--- MATERIAL TO PROCESS ---
□ □ □ □ □ □ □

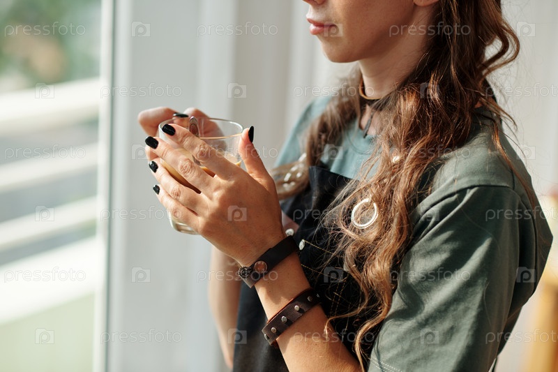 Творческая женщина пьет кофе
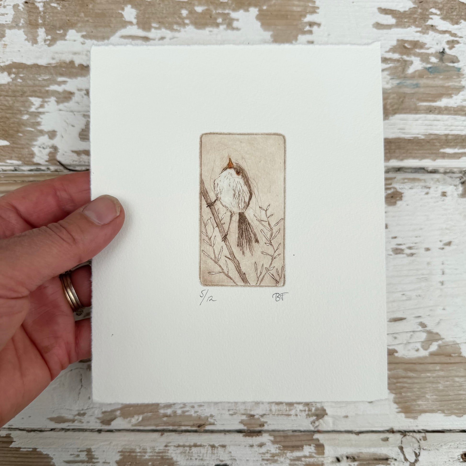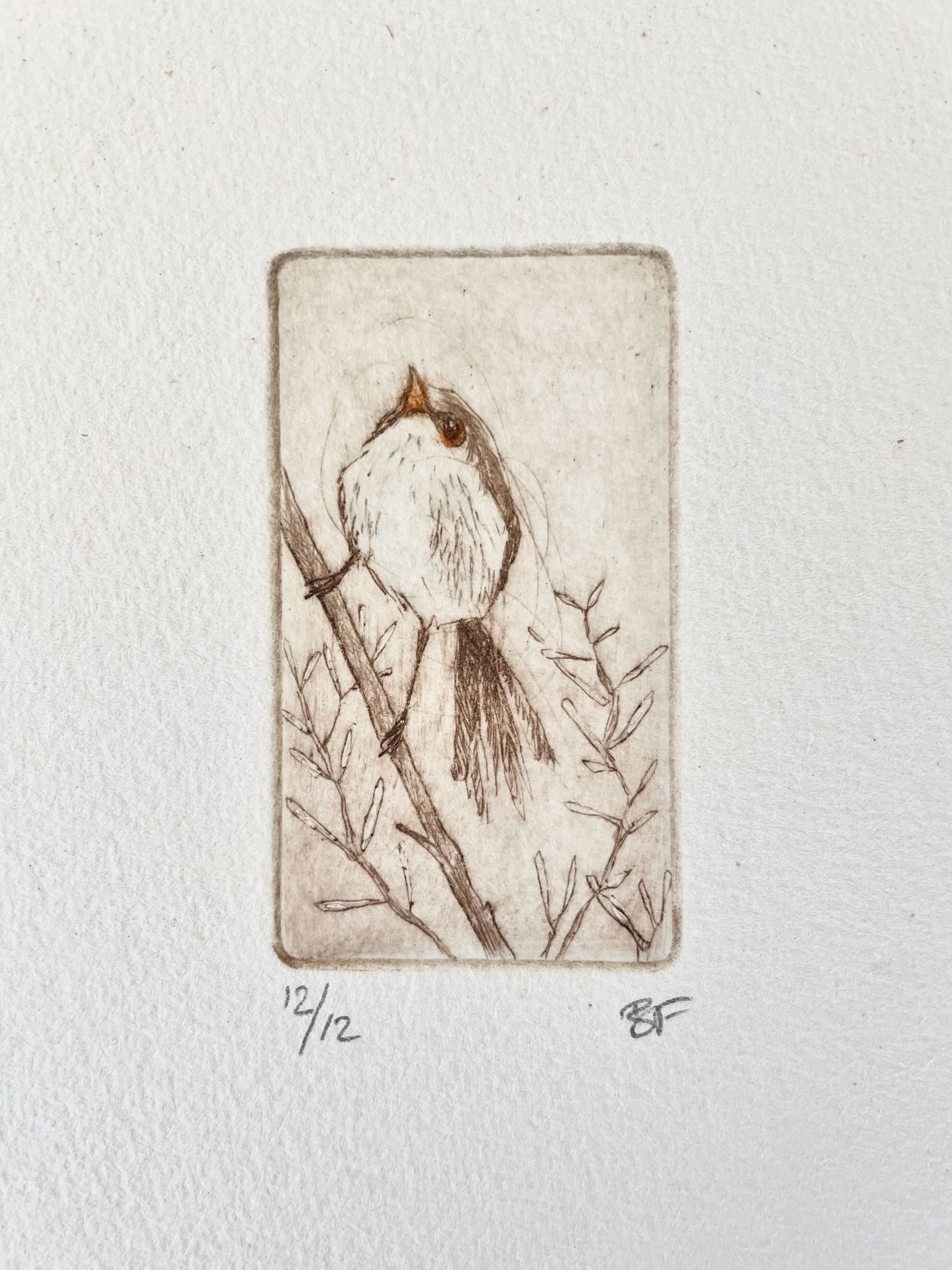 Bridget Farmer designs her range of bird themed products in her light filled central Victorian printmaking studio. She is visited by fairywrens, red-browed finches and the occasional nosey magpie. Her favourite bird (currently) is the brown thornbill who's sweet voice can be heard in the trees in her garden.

□ □ □ □ □ □ □

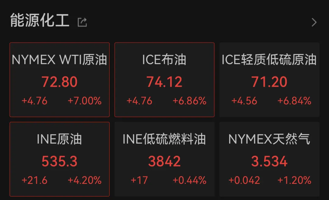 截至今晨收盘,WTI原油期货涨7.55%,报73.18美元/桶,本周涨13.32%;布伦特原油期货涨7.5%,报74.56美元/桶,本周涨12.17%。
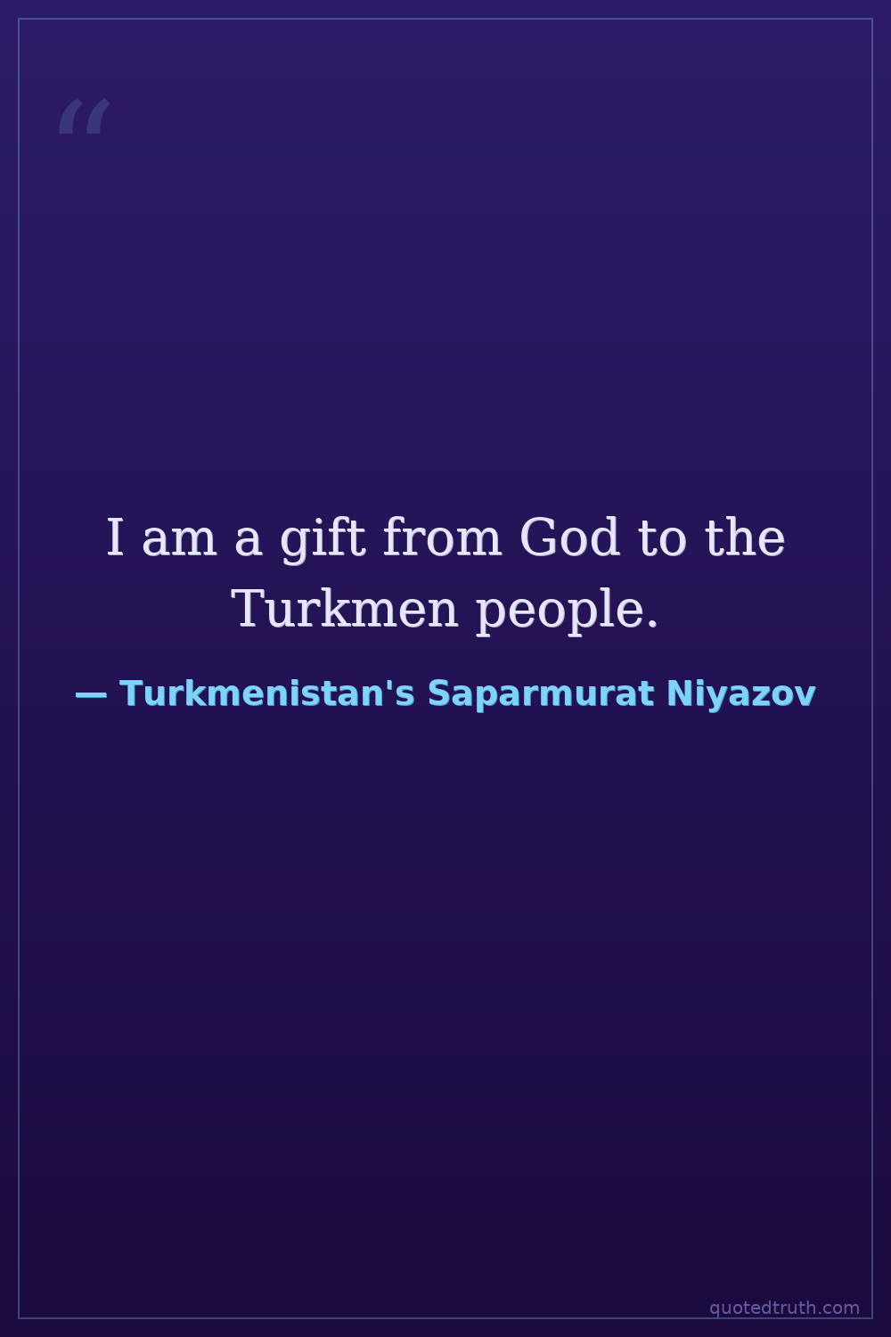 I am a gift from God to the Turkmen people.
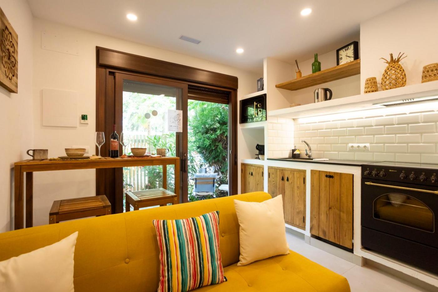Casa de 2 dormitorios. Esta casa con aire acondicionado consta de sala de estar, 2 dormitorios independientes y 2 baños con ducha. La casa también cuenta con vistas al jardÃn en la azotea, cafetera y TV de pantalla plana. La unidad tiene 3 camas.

□ □ □ □ □ □ □

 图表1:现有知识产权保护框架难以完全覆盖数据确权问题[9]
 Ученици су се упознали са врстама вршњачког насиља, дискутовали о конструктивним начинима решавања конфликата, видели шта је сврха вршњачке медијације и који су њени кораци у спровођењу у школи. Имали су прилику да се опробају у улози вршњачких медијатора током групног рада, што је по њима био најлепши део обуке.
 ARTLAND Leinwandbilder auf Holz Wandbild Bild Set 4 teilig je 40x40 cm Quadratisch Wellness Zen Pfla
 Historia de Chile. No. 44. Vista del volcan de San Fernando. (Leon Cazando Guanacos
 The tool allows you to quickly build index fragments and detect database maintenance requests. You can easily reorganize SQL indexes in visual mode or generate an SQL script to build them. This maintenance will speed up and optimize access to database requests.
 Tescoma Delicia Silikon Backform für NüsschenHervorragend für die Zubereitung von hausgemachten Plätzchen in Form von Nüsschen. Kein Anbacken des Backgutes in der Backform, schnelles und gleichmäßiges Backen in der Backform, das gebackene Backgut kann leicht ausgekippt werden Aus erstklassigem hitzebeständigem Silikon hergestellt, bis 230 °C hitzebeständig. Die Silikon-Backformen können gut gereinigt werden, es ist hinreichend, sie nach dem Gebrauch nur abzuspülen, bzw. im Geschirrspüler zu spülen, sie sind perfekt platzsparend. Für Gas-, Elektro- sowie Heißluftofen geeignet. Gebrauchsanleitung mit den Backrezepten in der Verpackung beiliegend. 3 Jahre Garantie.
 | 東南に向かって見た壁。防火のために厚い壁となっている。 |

□ □ □ □ □ □ □

--- TO DO ---
Could you write out exactly the lines of the data above that run from the one holding "Творческая женщина пьет кофе" to the one holding "Bridget Farmer designs", with both ends in and all pictures out?

--- ANSWER BOX ---
 Творческая женщина пьет кофе
 Bridget Farmer designs her range of bird themed products in her light filled central Victorian printmaking studio. She is visited by fairywrens, red-browed finches and the occasional nosey magpie. Her favourite bird (currently) is the brown thornbill who's sweet voice can be heard in the trees in her garden.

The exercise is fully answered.